I have written previously from hearing from Palestinians and Israelis early on in the pandemic that corona teaches us that what unites us is greater than what divides us. That didn’t last long. This week a Hebron testing center being built on land donated by a local Palestinian as his expression of communal solidarity received a demolition order. Inside Israel, the jury is still out. Yesterday, Minister Tzachi HaNegbi finally apologized for saying two weeks ago that the idea that there are Israelis experiencing hunger is “hogwash.” It remains depressing that he said he just hadn’t realized, until he was flooded with letters containing personal testimonies. Solidarity requires awareness. Awareness comes when we care enough to search out what is not always right in front of our eyes. After the government announced on Wednesday that all Israelis will receive financial grants, regardless of need, to stimulate our endangered economy, many Israelis have declared that they will be turning over the money they receive to those who truly need it. I hope that happens. The sentiment is real, but it remains to be seen how many will know who and how to give, and will follow through. We will see whether solidarity will be expressed when everybody is left to their own devices, without supporting regulations.

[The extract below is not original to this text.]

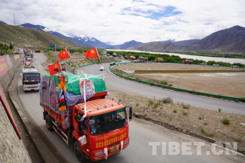 7月10日9時30分,國家重點文物保護單位——松贊干布陵區(qū)前,懸掛著“瓊結(jié)鎮(zhèn)易地搬遷運輸車隊”的39輛車整齊列隊, 20戶78名搬遷戶身著節(jié)日的盛裝,坐著滿載著搬遷群眾幸福和希望的運輸車隊浩浩蕩蕩地從瓊結(jié)縣出發(fā),前往山南市乃東區(qū)多頗章鄉(xiāng)嘎東團結(jié)新村搬遷點。

Finally, the story of the daughters of Tzlofkhad is not just a story of women fighting for some level of rights in a world where they were semi property. It is that, and we also see that in the ability of men to annul the vows of women under their authority at the outset of our portion (although not required to do so.) However, at another level, taking male inheritance laws as a given, it is also story of balancing between collective needs and the needs of individuals. As somebody who has dedicated his life to human rights, I have sometimes seen how the insistence on individual rights can be at the expense of collective rights, or vice versa. The current Israeli dilemma about whether there can be any restrictions on the right to protest in the middle of a pandemic also raises questions about how one defines collective rights and the collective good. I have already pointed out that establishing the borders of the collective can be very problematic, and that we need to internalize that we are also one human collective. However, as much as I believe that an unwillingness to compromise any of our individual rights for the sake of the collective is simply trying to give a principled face to selfishness, more harm has probably been done to individuals throughout history in the name of the collective, than the other way around. Ultimately, our definition of what is good for the collective must take into account each individual. Rabbi Shimshon Raphael Hirsch writes about the cities of refuge:
The Land of God’s Torah is given to the People of God for the sake of the human being. The most precious fruit of the Land. The goal and purpose of the blessing that God blesses her with is that the Land will sustain every human soul; For the human being carries out God’s Torah with the means that the Land provides. The Land is given to every member of the People of God on the condition that they honor the holiness of every human life, for every human life is holy in the Torah…immediately upon the conquest of the Land…there is the obligation to create the legal institution that is already mentioned in social legislation in Exodus 21:13. (Hirsch commentary to Numbers 35:10)
Writing as he does about the connection between the Land of God and People of God, I am not sure how Hirsch would draw the boundaries of our collective. I choose to read Hirsch as saying that the responsibility of the Jewish collective in our homeland is to honor every member of the human collective.